How to Prioritize Enterprise AI Use Cases
The best first use cases are not necessarily the most impressive. They combine a meaningful problem, accessible evidence, manageable risk, and a team prepared to change the workflow.
Define the unit of value
Avoid scoring vague ideas such as “use AI in customer service.” Define a specific decision or workflow: summarize a case before handoff, draft a response using approved knowledge, identify missing documentation, or route a request to the right team. A narrow operating statement makes value, data, users, and failure modes visible.
Estimate value using a small set of measures: cycle time, avoidable effort, conversion, quality, experience, risk reduction, capacity, or revenue. Use ranges and explicit assumptions instead of false precision.
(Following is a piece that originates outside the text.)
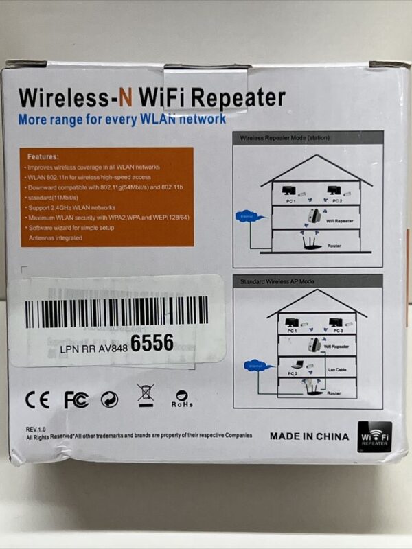 DescrizioneThe WiFi extender uses brand-new software technology, simple to set up and easy to use. Universal compatibility and easy setup: This WiFi extender can be used with any 802.11b/g/n/a wireless internet router, which means it can be used with any standard router or gateway. WISP mode/AP mode, most home users will set it up in one of two ways: 2. Range extender (it connects to your existing wireless network wirelessly and enhances/extends the signal) or 3. Access Point (it connects to the Internet or your existing network via Ethernet and then broadcasts the wireless signal (this is how you use it). Easy to set up: You can use PC/smartphone/laptop to set up. (Smartphone settings are simpler), connect to WiFi, enter the password to complete the setting. If you have a dead wireless zone in a corner of your house. Please do not place it directly in a blind spot (because it cannot receive the existing signal to expand it out). Please be sure to play in different places to place it, and you will find a great location. I put it in a location with some wifi signals, set everything up, and then walked to the quot,dead zone quot. |

Score feasibility and risk separately
Feasibility should consider data access and quality, integration difficulty, model capability, evaluation design, security, process stability, and owner availability. Risk should consider potential harm, affected populations, data sensitivity, autonomy, reversibility, regulatory exposure, and reputational consequences.
Keeping these dimensions separate matters. A technically easy use case may be high risk, while a valuable low-risk opportunity may need difficult integration. The portfolio should show those tradeoffs rather than hide them in a single score.
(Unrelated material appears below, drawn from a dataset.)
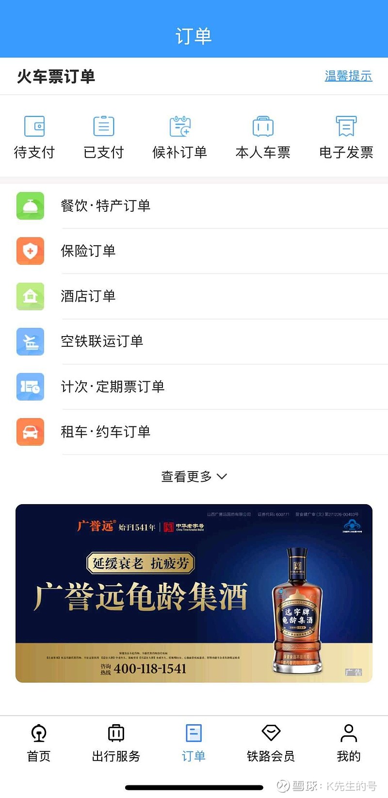 $广誉远(SH600771)$广誉远与12306(铁路订票系统)达成合作中秋国庆双节同庆之际,广誉远龟龄集酒登陆中国铁路12306官方平台,于万千旅客的旅途中传递健康祝福。此次广告投放精准触达双节期间通过铁路出行的广大旅客,覆盖了12306客户端开屏、订单详情页及订单查询页等核心流量入口。来源:广誉远官微,如有侵权,请联系删除

Select a portfolio, not a winner
Balance quick operational improvements, strategic capability builders, and a limited number of higher-uncertainty bets. Include at least one initiative that builds reusable infrastructure or governance, even if its immediate value appears indirect. Avoid launching many pilots that compete for the same data owners and subject-matter experts.
Re-score after discovery and again after a pilot. The purpose of a pilot is to reduce uncertainty. A disciplined organization stops weak ideas, expands proven ones, and records what it learned so the next selection cycle improves.
Leadership checklist
- Describe each use case as a specific workflow or decision.
- Score value, feasibility, risk, and adoption independently.
- Include evidence requirements and a named owner.
- Stop or rescope initiatives when pilot evidence does not support scale.